• Task brief
Give back all of the data exactly, with every picture omitted.

• Dataset section
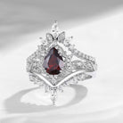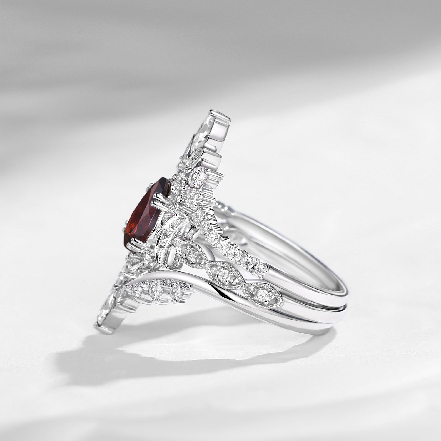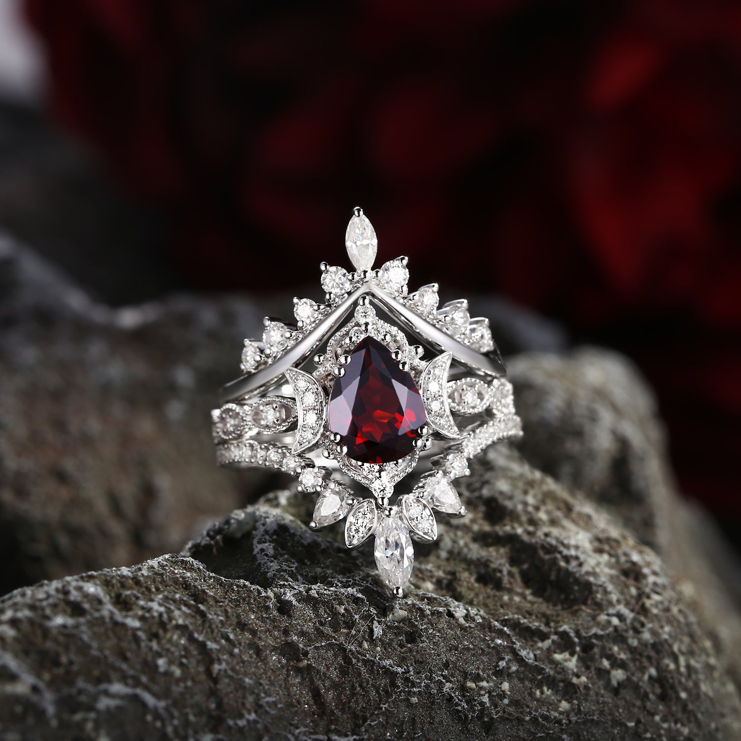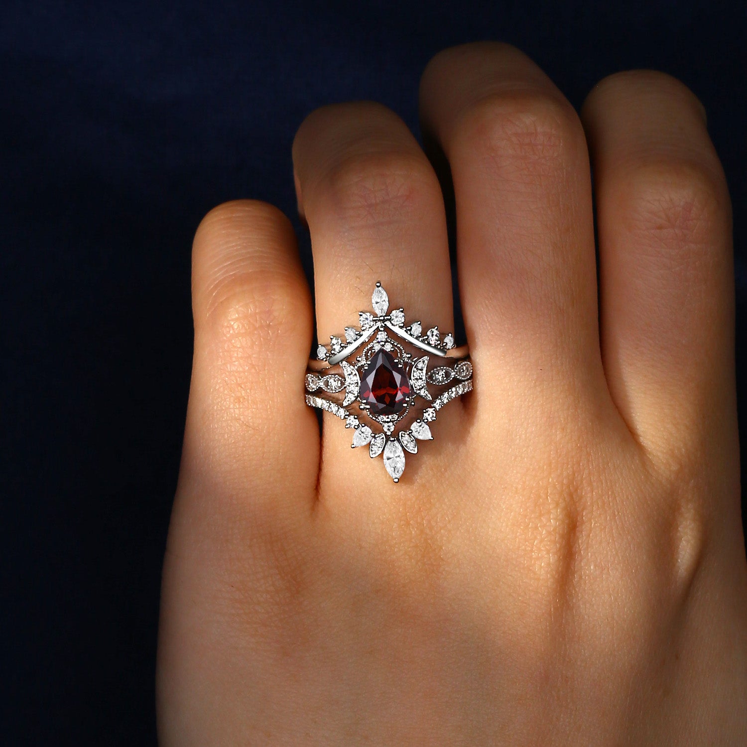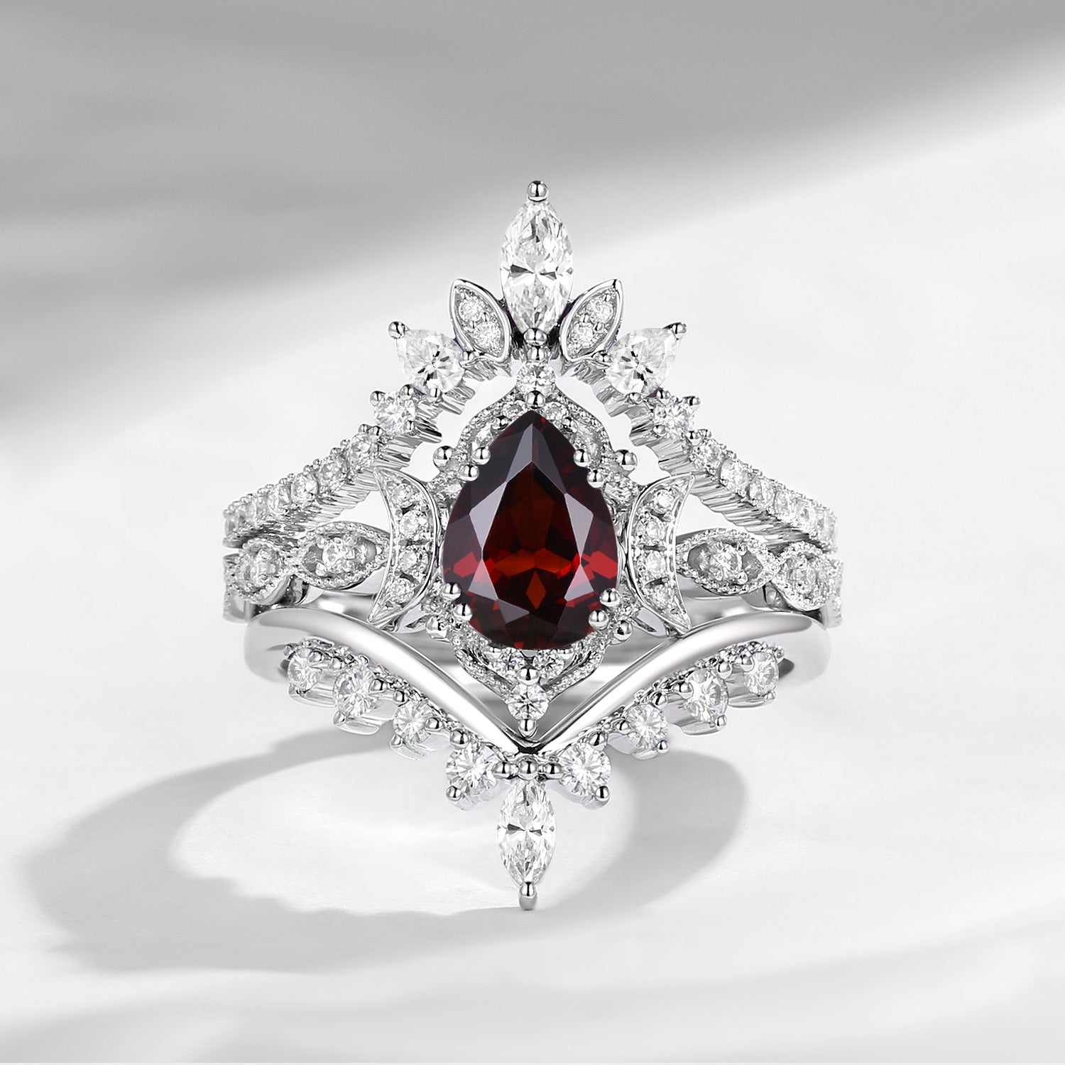 Crescent Moon | Unique Pear Shaped Garnet Engagement Ring 3pcs
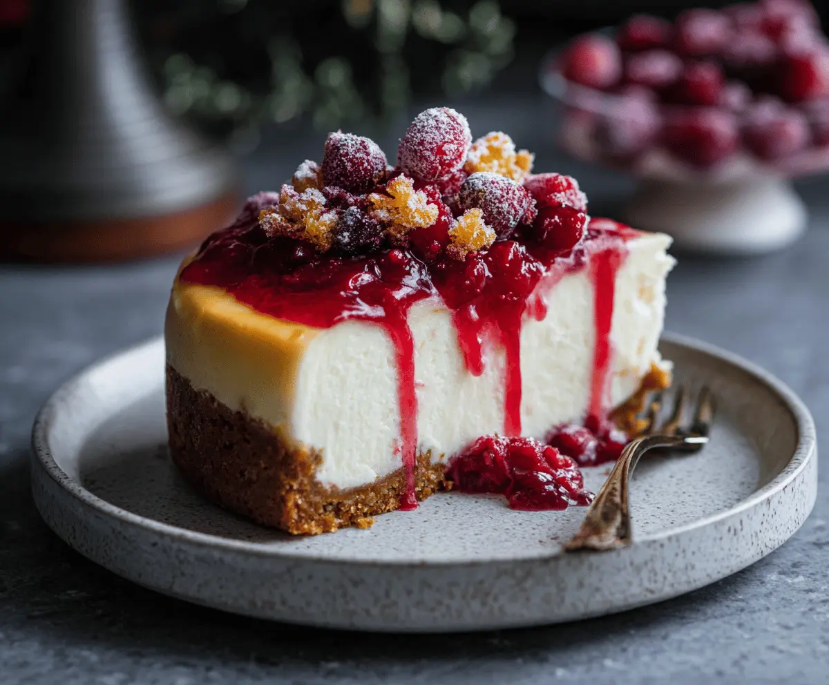 When you’re ready to serve, carefully remove the cheesecake from the springform pan. Spoon the cranberry orange topping over the cheesecake generously. If you’re feeling festive, add extra fresh cranberries on top and dust with powdered sugar.
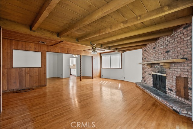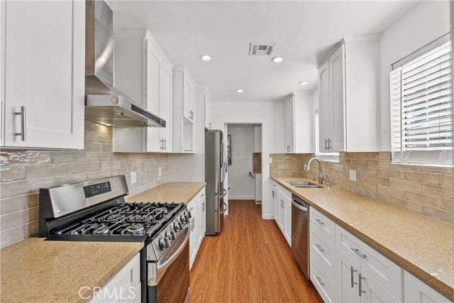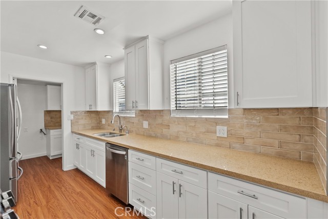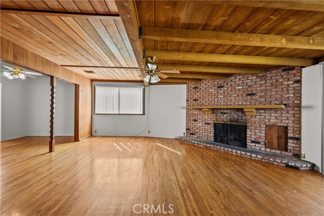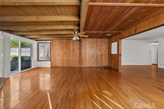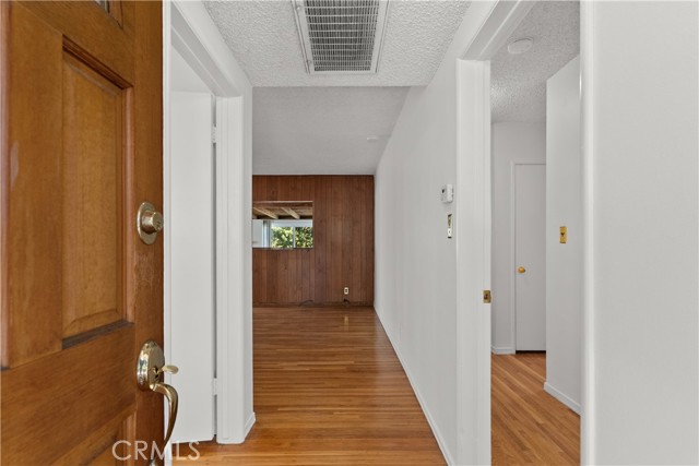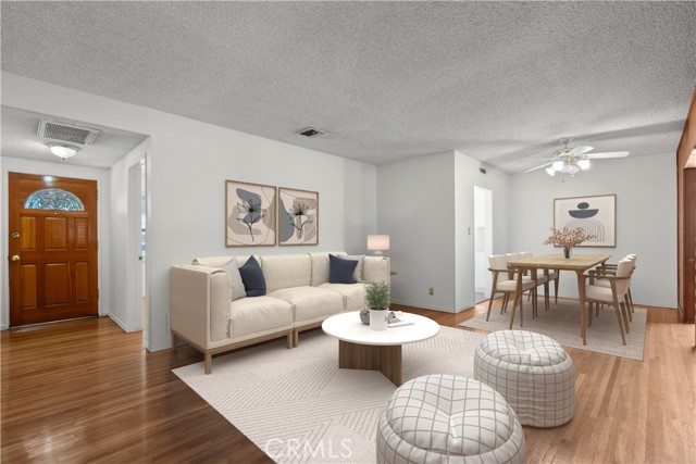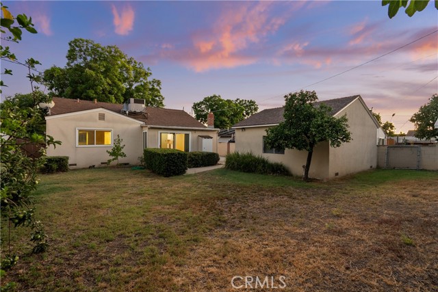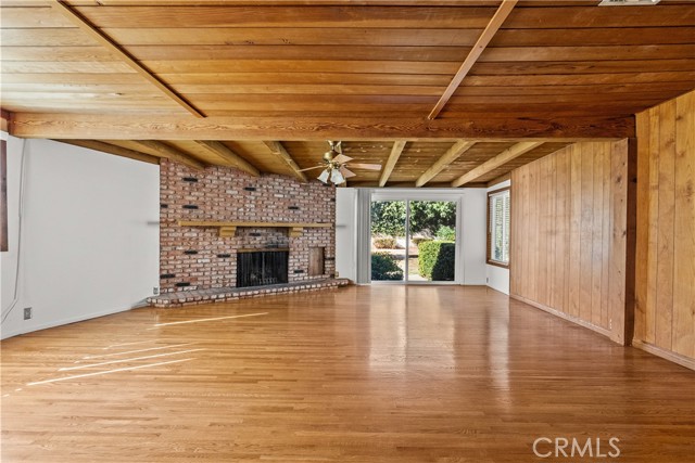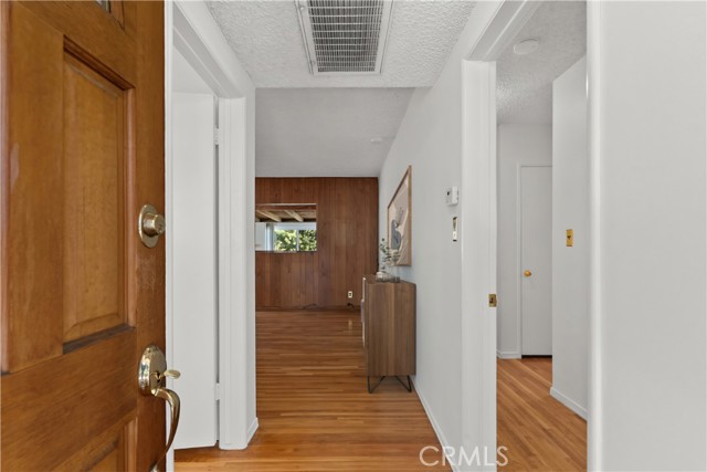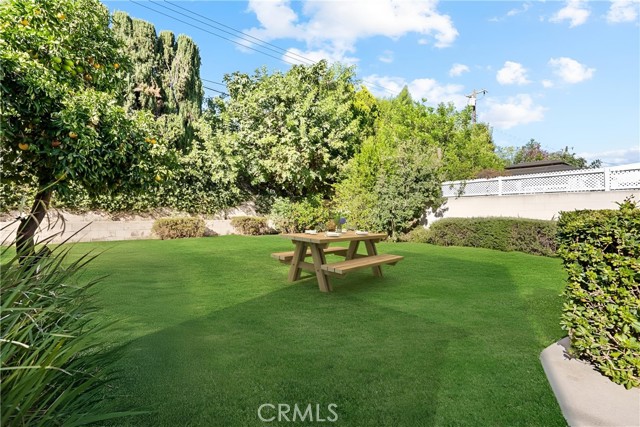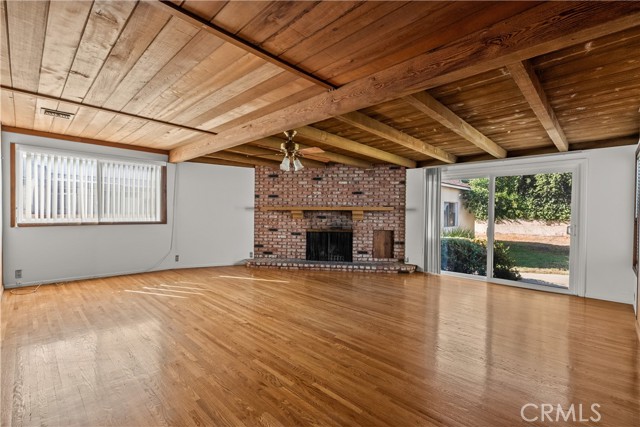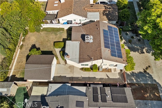 Tucked away on a quiet, tree-lined street in the sought-after Granada Hills neighborhood, this delightful mid-century home offers the perfect combination of vintage character and modern upgrades. Surrounded by a friendly, well-kept community, this home is ideal for comfortable family living. A welcoming front porch leads into a warm and inviting interior featuring hardwood floors, abundant natural light, and timeless architectural details throughout. With three bedrooms and two bathrooms, this home provides generous space for both relaxing and entertaining. The heart of the home is the remodeled cook's kitchen, showcasing recessed lighting, crisp white shaker cabinets, quartz countertops, and a classic subway tile backsplash. Quality appliances include a gas range with vent hood, dishwasher, and refrigerator. Just off the kitchen is a functional laundry room with storage and access to the side yard. The cozy living room connects seamlessly to a dedicated dining area, accented by hardwood flooring and a ceiling fan light fixture — perfect for daily meals or festive gatherings. A spacious family room features wood-beamed ceilings, a brick fireplace, and sliding doors that lead to a private backyard, blending indoor comfort with outdoor living. The spacious primary bedroom offers hardwood floors, dual closets, and an en-suite bathroom with a tiled stall shower and separate vanity. Two additional bedrooms are bright and well-sized, each with ceiling fans, hardwood floors, and ample closet space. A full hallway bathroom with a tiled shower-over-tub and a vanity serves these rooms. Step outside to the private backyard with a sprawling lawn and mature greenery — an ideal space for entertaining, play, or peaceful retreat. The extended concrete driveway and detached two-car garage offer abundant parking and storage. Thoughtful upgrades include central air and heat, dual-pane windows, mostly copper plumbing, and an owned energy-efficient solar system for lasting savings. The large backyard with detached garage provides excellent potential for a freestanding Accessory Dwelling Unit (ADU). Conveniently located near schools, shopping, dining, and freeway access, this move-in ready gem combines classic style with today's comforts — ready for you to call home.

• Expected answer
 Crescent Moon | Unique Pear Shaped Garnet Engagement Ring 3pcs
 When you’re ready to serve, carefully remove the cheesecake from the springform pan. Spoon the cranberry orange topping over the cheesecake generously. If you’re feeling festive, add extra fresh cranberries on top and dust with powdered sugar.
 Tucked away on a quiet, tree-lined street in the sought-after Granada Hills neighborhood, this delightful mid-century home offers the perfect combination of vintage character and modern upgrades. Surrounded by a friendly, well-kept community, this home is ideal for comfortable family living. A welcoming front porch leads into a warm and inviting interior featuring hardwood floors, abundant natural light, and timeless architectural details throughout. With three bedrooms and two bathrooms, this home provides generous space for both relaxing and entertaining. The heart of the home is the remodeled cook's kitchen, showcasing recessed lighting, crisp white shaker cabinets, quartz countertops, and a classic subway tile backsplash. Quality appliances include a gas range with vent hood, dishwasher, and refrigerator. Just off the kitchen is a functional laundry room with storage and access to the side yard. The cozy living room connects seamlessly to a dedicated dining area, accented by hardwood flooring and a ceiling fan light fixture — perfect for daily meals or festive gatherings. A spacious family room features wood-beamed ceilings, a brick fireplace, and sliding doors that lead to a private backyard, blending indoor comfort with outdoor living. The spacious primary bedroom offers hardwood floors, dual closets, and an en-suite bathroom with a tiled stall shower and separate vanity. Two additional bedrooms are bright and well-sized, each with ceiling fans, hardwood floors, and ample closet space. A full hallway bathroom with a tiled shower-over-tub and a vanity serves these rooms. Step outside to the private backyard with a sprawling lawn and mature greenery — an ideal space for entertaining, play, or peaceful retreat. The extended concrete driveway and detached two-car garage offer abundant parking and storage. Thoughtful upgrades include central air and heat, dual-pane windows, mostly copper plumbing, and an owned energy-efficient solar system for lasting savings. The large backyard with detached garage provides excellent potential for a freestanding Accessory Dwelling Unit (ADU). Conveniently located near schools, shopping, dining, and freeway access, this move-in ready gem combines classic style with today's comforts — ready for you to call home.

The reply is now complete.